* WORK REQUEST *
Once the line with "Senpaga Vinayagar Temple" is reached, output it and every line after it, exactly, through the end of the records below. Pictures are skipped.

* INFORMATION PROVIDED *
************

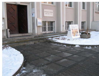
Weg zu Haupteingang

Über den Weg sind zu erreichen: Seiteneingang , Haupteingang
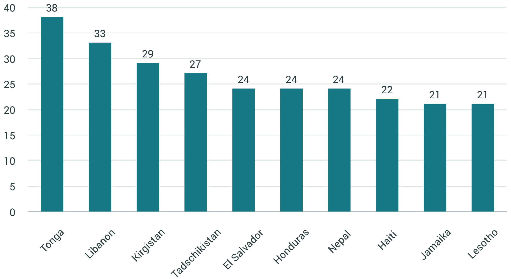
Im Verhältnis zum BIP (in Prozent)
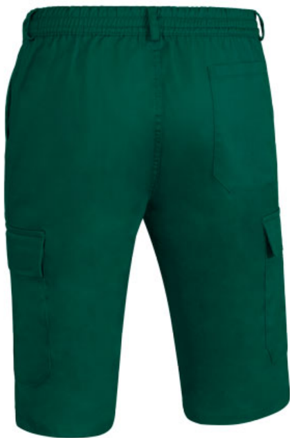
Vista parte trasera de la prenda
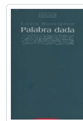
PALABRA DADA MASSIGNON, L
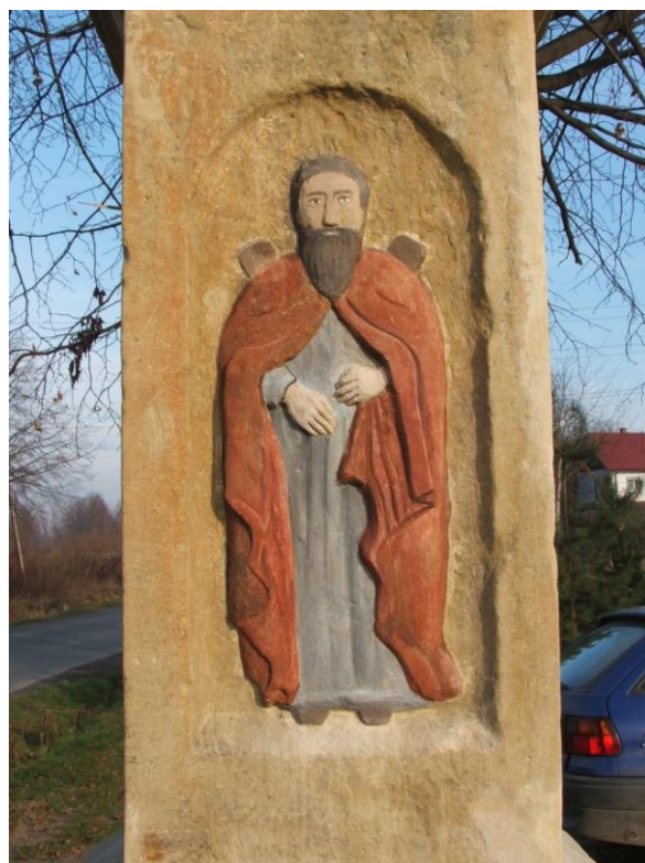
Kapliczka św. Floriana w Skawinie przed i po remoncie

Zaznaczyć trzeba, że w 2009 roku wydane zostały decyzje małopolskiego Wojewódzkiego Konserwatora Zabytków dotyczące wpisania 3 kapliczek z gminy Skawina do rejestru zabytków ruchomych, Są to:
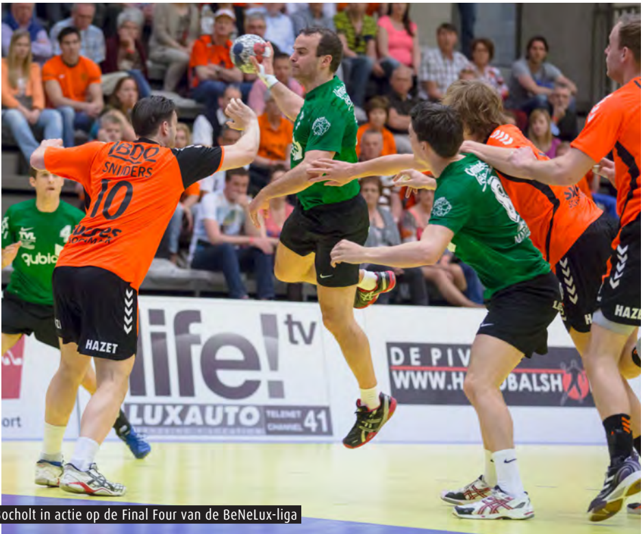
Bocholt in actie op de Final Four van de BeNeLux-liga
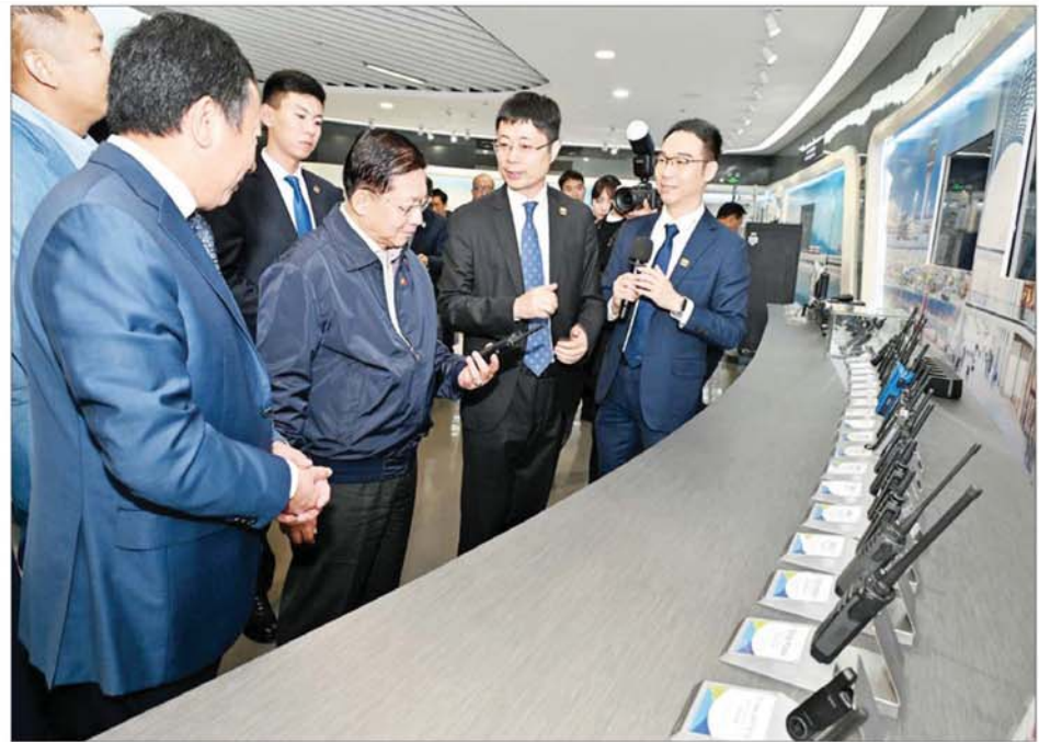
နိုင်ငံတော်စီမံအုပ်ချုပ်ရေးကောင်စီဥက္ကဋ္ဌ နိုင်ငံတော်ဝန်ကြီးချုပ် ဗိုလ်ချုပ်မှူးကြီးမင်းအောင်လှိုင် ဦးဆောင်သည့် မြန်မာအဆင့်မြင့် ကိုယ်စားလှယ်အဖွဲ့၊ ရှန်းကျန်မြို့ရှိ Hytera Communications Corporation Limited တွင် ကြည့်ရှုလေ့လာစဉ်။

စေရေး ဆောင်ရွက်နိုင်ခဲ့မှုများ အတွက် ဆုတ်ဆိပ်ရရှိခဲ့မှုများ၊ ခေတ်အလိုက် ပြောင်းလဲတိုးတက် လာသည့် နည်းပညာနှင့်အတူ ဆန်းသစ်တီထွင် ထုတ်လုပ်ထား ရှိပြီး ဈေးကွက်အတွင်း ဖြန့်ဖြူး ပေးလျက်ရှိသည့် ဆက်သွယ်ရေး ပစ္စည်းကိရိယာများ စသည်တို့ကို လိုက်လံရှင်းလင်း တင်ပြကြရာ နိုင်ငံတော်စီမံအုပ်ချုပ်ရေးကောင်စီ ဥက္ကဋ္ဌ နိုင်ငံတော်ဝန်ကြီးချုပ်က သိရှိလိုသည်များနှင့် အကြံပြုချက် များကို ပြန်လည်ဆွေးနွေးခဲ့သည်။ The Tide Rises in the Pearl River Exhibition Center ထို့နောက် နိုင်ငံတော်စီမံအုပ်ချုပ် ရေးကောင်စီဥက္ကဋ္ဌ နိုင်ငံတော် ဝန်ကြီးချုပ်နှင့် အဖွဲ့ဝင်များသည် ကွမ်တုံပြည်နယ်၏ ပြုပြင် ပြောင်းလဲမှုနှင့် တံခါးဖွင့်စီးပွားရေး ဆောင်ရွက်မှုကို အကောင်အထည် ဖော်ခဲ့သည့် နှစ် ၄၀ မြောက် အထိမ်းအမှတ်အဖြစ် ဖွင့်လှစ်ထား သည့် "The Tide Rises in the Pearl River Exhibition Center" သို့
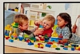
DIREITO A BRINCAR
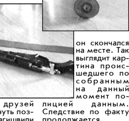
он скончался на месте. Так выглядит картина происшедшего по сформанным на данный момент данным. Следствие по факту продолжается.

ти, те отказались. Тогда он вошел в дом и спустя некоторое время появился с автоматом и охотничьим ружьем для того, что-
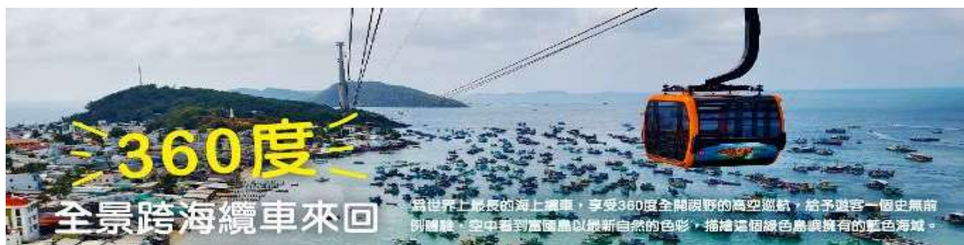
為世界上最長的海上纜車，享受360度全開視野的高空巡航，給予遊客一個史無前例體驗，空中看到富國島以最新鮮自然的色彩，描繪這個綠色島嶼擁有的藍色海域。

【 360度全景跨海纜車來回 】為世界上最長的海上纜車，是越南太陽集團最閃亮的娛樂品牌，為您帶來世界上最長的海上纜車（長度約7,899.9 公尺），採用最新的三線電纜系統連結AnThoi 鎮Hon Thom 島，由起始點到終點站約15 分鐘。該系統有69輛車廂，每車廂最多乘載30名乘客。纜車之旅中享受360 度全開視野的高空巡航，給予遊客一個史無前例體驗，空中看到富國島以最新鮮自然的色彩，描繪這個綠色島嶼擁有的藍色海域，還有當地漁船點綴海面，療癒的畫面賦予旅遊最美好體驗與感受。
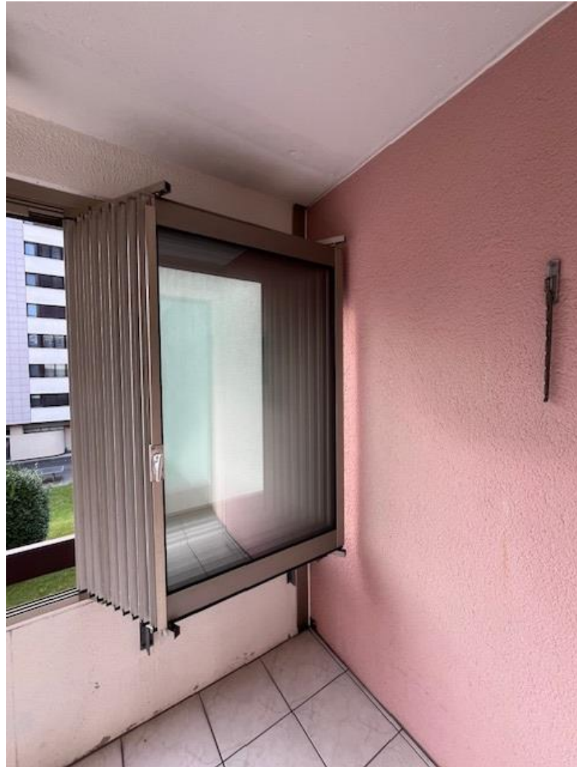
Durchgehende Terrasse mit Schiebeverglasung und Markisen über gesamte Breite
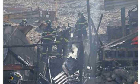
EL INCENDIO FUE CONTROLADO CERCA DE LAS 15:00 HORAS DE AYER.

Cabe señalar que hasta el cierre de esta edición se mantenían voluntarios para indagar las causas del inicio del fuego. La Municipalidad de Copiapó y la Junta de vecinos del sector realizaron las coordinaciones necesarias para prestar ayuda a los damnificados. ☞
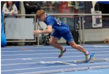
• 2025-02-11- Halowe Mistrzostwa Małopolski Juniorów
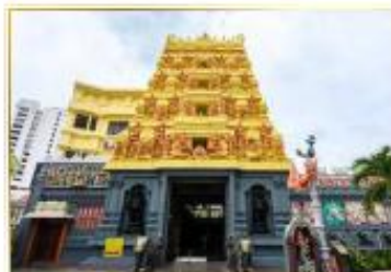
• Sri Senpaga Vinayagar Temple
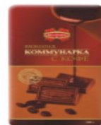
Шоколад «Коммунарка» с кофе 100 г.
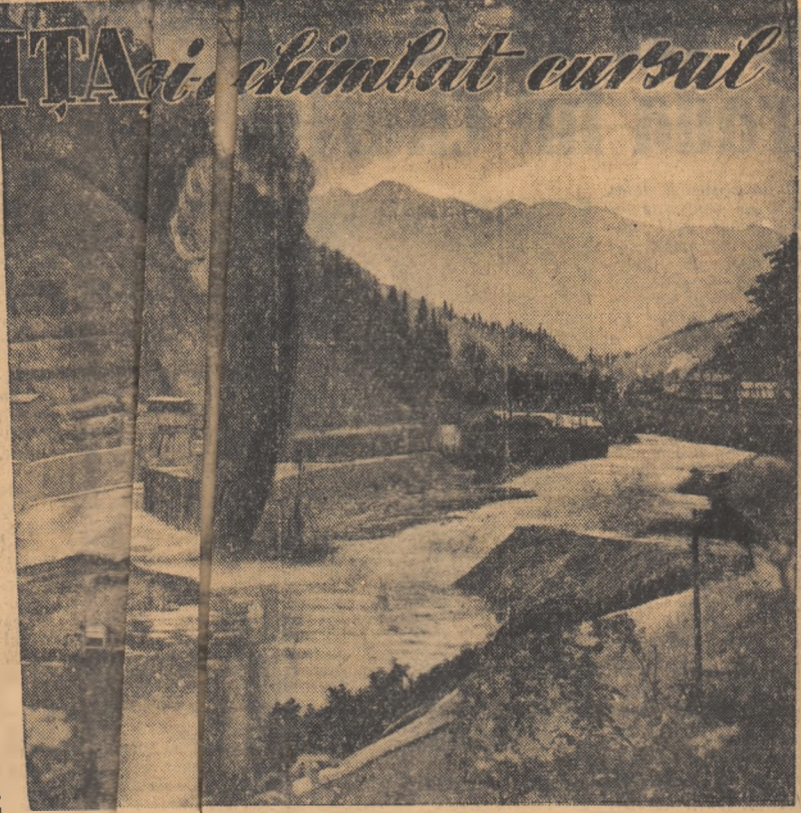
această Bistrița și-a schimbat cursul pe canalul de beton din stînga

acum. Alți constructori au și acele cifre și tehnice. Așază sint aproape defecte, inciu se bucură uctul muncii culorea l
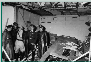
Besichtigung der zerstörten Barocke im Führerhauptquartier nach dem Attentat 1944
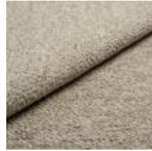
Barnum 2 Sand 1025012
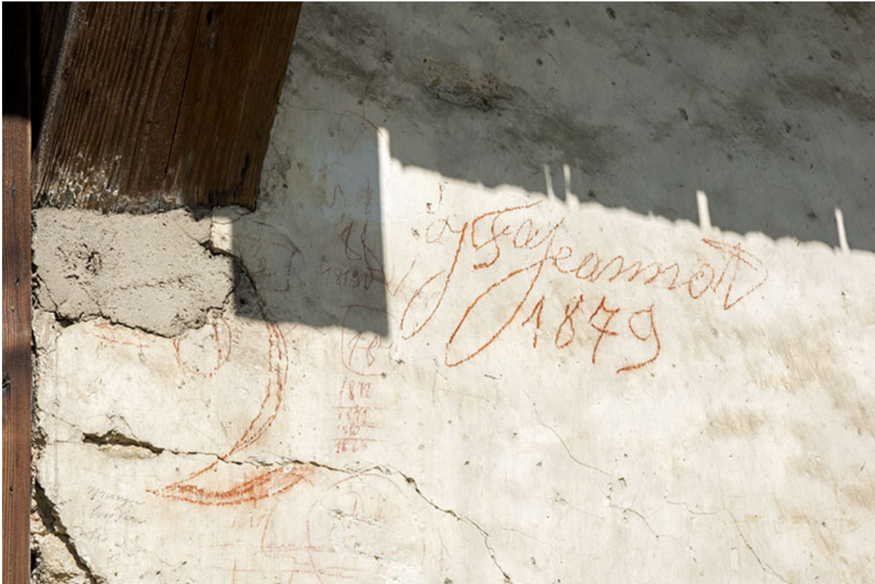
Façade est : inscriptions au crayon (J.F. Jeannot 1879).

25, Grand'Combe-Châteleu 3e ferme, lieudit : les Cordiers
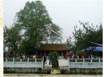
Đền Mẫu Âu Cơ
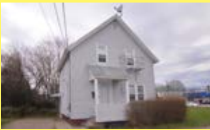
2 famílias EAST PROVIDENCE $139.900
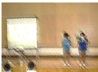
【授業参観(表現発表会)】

************

* ANSWER TO THIS PROBLEM *
• Sri Senpaga Vinayagar Temple
Шоколад «Коммунарка» с кофе 100 г.
această Bistrița și-a schimbat cursul pe canalul de beton din stînga

acum. Alți constructori au și acele cifre și tehnice. Așază sint aproape defecte, inciu se bucură uctul muncii culorea l
Besichtigung der zerstörten Barocke im Führerhauptquartier nach dem Attentat 1944
Barnum 2 Sand 1025012
Façade est : inscriptions au crayon (J.F. Jeannot 1879).

25, Grand'Combe-Châteleu 3e ferme, lieudit : les Cordiers
Đền Mẫu Âu Cơ
2 famílias EAST PROVIDENCE $139.900
【授業参観(表現発表会)】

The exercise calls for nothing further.